Эльвира промолчала. Вытерла руки полотенцем и повесила его на крючок ровно, аккуратно. В животе шевельнулось привычное беспокойство. Не страх, скорее напряжение, какое бывает перед приёмом у зубного: ничего пока не болит, но знаешь, что может заболеть.
«У каждой злости своя причина», говорила когда-то мать. Давно, ещё в коммуналке, когда соседка Клавдия хлопала дверьми по утрам. Мать произносила это спокойно, не оправдывая, а объясняя, что злость не берётся из ниоткуда. Эльвира повторяла эти слова себе каждый раз перед встречей с золовкой. И каждый раз не верила.
В парикмахерской на улице Лермонтова Эльвира работала шестой год.

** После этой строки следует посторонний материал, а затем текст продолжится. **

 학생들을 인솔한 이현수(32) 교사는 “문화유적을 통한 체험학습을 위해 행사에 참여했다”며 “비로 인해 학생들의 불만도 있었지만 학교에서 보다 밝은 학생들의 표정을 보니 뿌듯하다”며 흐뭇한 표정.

Зал на четыре кресла, зеркала в алюминиевых рамах, стойкий запах лака и горячих бигуди. Утром приходили пенсионерки на укладку, после обеда заглядывали работницы с трикотажной фабрики, а к вечеру забегали девчонки перед танцами.

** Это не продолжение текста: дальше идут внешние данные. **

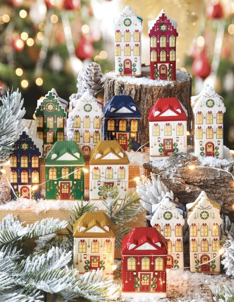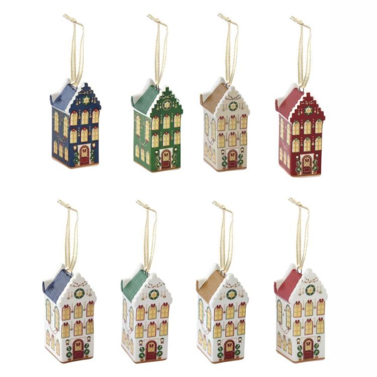 Kerstdecoratie in keramiek in de vorm van een kersthuisje, met fijne details en zachte kleuren.

Люся, соседка по креслу, стригла худенькую женщину в клетчатом платье и рассказывала про свёкра:
— А он опять самогон в шкафу прячет, представляешь? За валенками. Мой нашёл, вылил. Так свёкор неделю не разговаривал.
Эльвира улыбнулась, накручивая коклюшку на влажную прядь. Раствор для химической завивки щипал ноздри.
— А золовка твоя как? — Люся понизила голос. — Опять чего-нибудь выкинула?
Эльвира вздохнула.
— Генин день рождения скоро. Опять придёт.
— И опять скандал?
— Она не скандалит. Она... — Эльвира помедлила. — Просто всем настроение портит. Придёт, сядет, скажет что-нибудь, и всё. Праздника нет.
Люся покачала головой.
— Некоторые люди, Эль, без этого не могут. Им плохо, если вокруг хорошо.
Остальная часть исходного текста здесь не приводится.